If PACE had landed on my desk as a member of the UCL ethics committeeI would have said we cannot pass this because it is not going to give a meaningful result.

Unfortunately, Jo, you were not part of the circle-jerk culture that has long dominated professional vetting, research and publishing in this domain.

 

[Barry]

Unfortunately, Jo, you were not part of the circle-jerk culture that has long dominated professional vetting, research and publishing in this domain.

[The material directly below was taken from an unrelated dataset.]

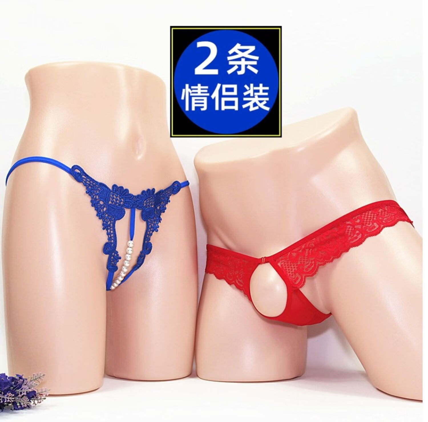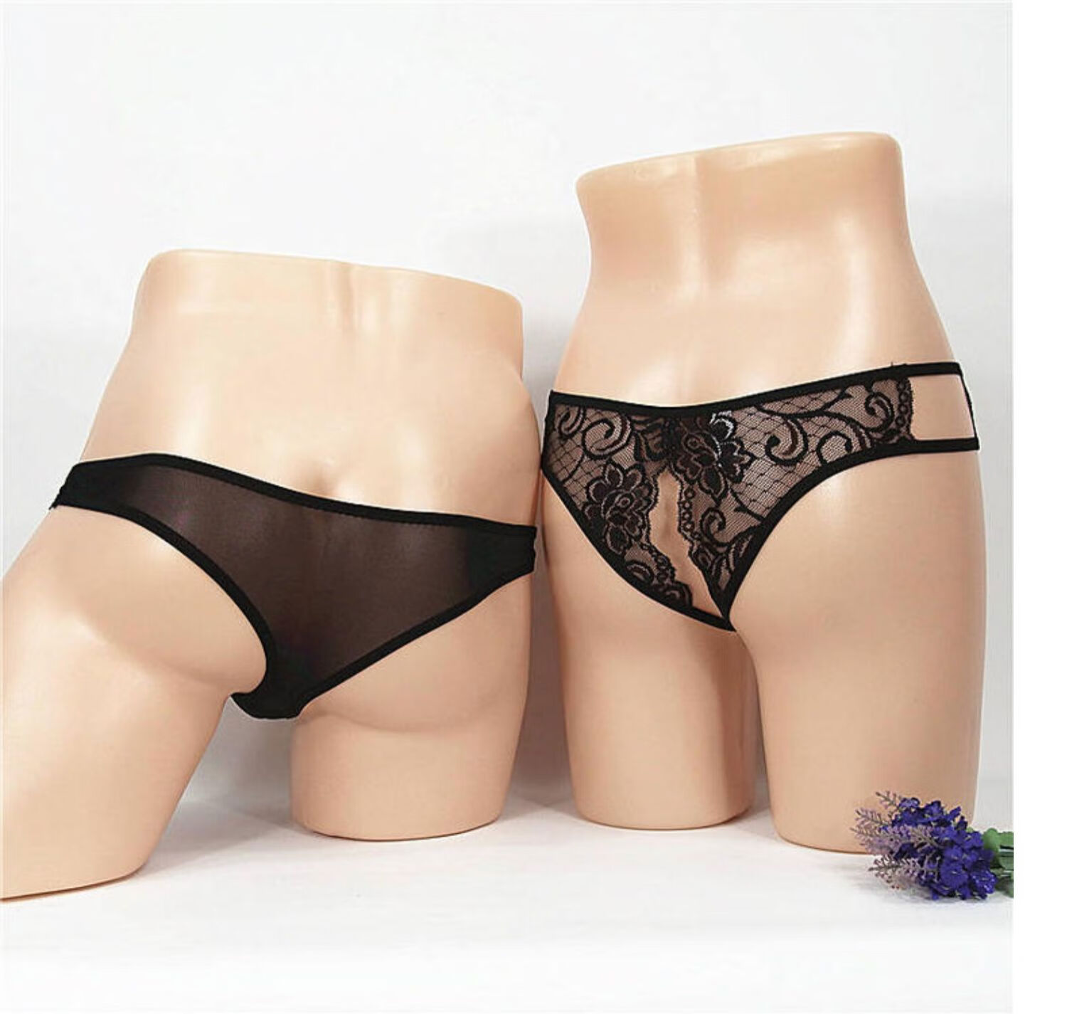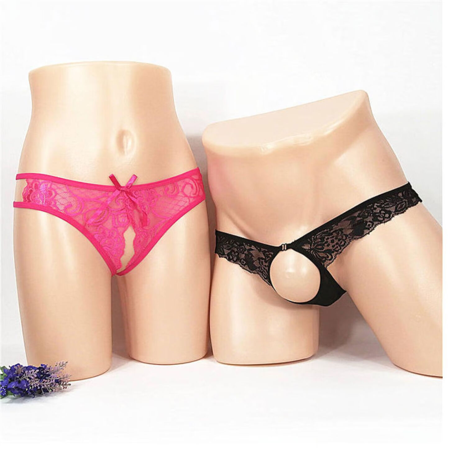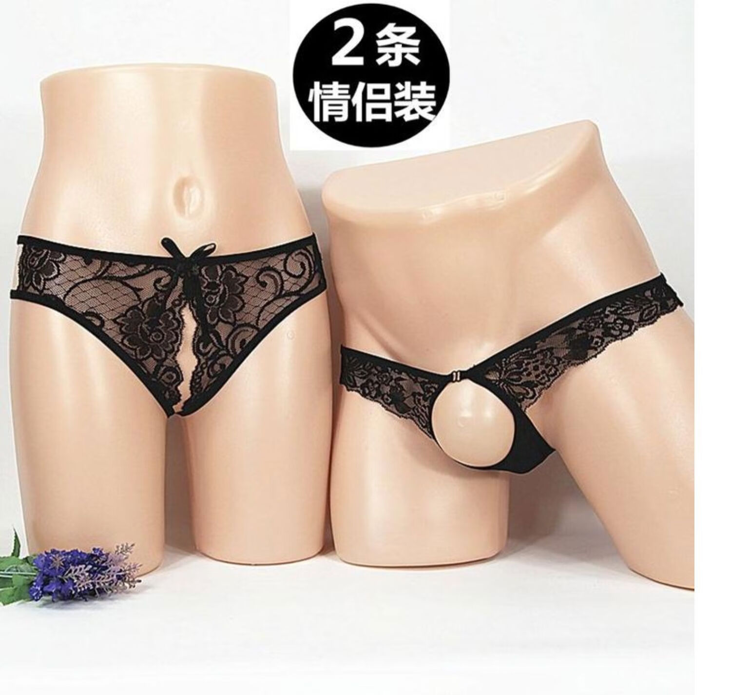 Couple's underwear double sexy women's crotch opening men's penis exposed JJ thong panties transparent sexy pearl black one size

Ah - now I get it. Randomised Circle-jerk Trials.

 

[dave30th]

Thinking about it I guess the key issue is the politics of journal editing. The two most prominent editors in the UK seem to have node about basic quality assurance.Maybe because they were both career journalists with a medical degree rather than respected physicians whomever later into editing.Maybe the old system was as bad.

They have both doubled down on this field of research while pontificating about issues with bad science.

 

[Jonathan Edwards]

They have both doubled down on this field of research while pontificating about issues with bad science.

And yet they could so easily have left it alone as an issue of little scientific importance in medicine as a whole.
The importance must have been the threat to medical authority posed by patients.
But the Wizards of Oz have now met the Tin Man and Dorothy.